I also use another, but recently I’ve been running into some issues when this server has to do multiple things at once. And it’s sort of annoying launching a new $5 dollar server for each of these tasks.

necmettin · March 13, 2016, 5:30pm

I don’t understand. I’m having my crons run in a seperate, non-Meteor process. Downloading XMLs etc. Are you calling a Meteor URL to do these?

elie · March 13, 2016, 10:36pm

I do everything in Meteor. Downloading data, updating scores, etc. Just all this happens in a non-user facing instance of the app.

necmettin · March 14, 2016, 11:31am

What I’m trying to get at is this: Doing everything in Meteor is not the same as calling a URL.
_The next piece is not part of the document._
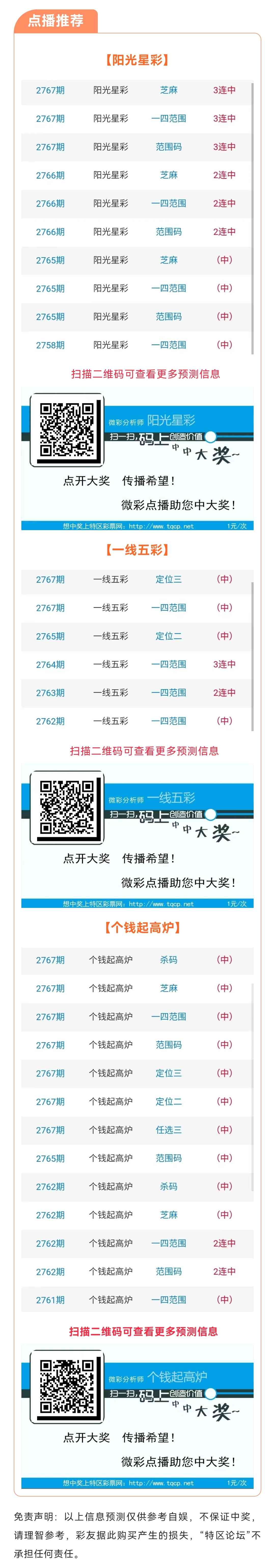 【点播推荐】2768期推荐“阳光星彩”“一线五彩”“个钱起高炉”3位分析师

If you do not use a URL to run your background jobs, you won’t timeout. Even when you call a URL in your Meteor app, you can respond to the URL but keep the process working. Whatever you are trying to achieve will run in the background:

this.response.end("\nCompleted.")
/* keeps working after you answer the URL request */
/* code here will run */

For example, in my app, I download a few hundred JSON files, save them to Mongo. I have to download the JSON files in a non-Meteor process (because I have to do some hack-y things in CasperJS), but the rest is handled in Meteor. I call a URL in Meteor, but the URL keeps working after it returns.

This is my setup anyways.

emmostrom · March 14, 2016, 3:27pm

Dug through the source for both projects (Meteor Workers and Meteor Job Collection)

Meteor Workers is using cluster.fork to create a new process. It is an exact copy of your parent process except it isn’t listening on the Meteor port so won’t be handling client connections (that’s a good thing.) Since it is an exact copy it runs through all the same setup and prints out the same messages. This seems a little weird and uses a little more memory than a simple new empty process; but the benefit is that anything you write that would work in the main process will now work in the child process. Had they used child-process.fork instead of cluster it would have taken less memory and not had the duplicate messages printed out; but would have required a lot more setup to tell the empty child process what code to run.

Meteor Job Collection looks cool but it appears to run all the jobs inside a Fiber which means any long running code will block the other fibers (like the main Meteor process) and you will end up back in the same situation you start with.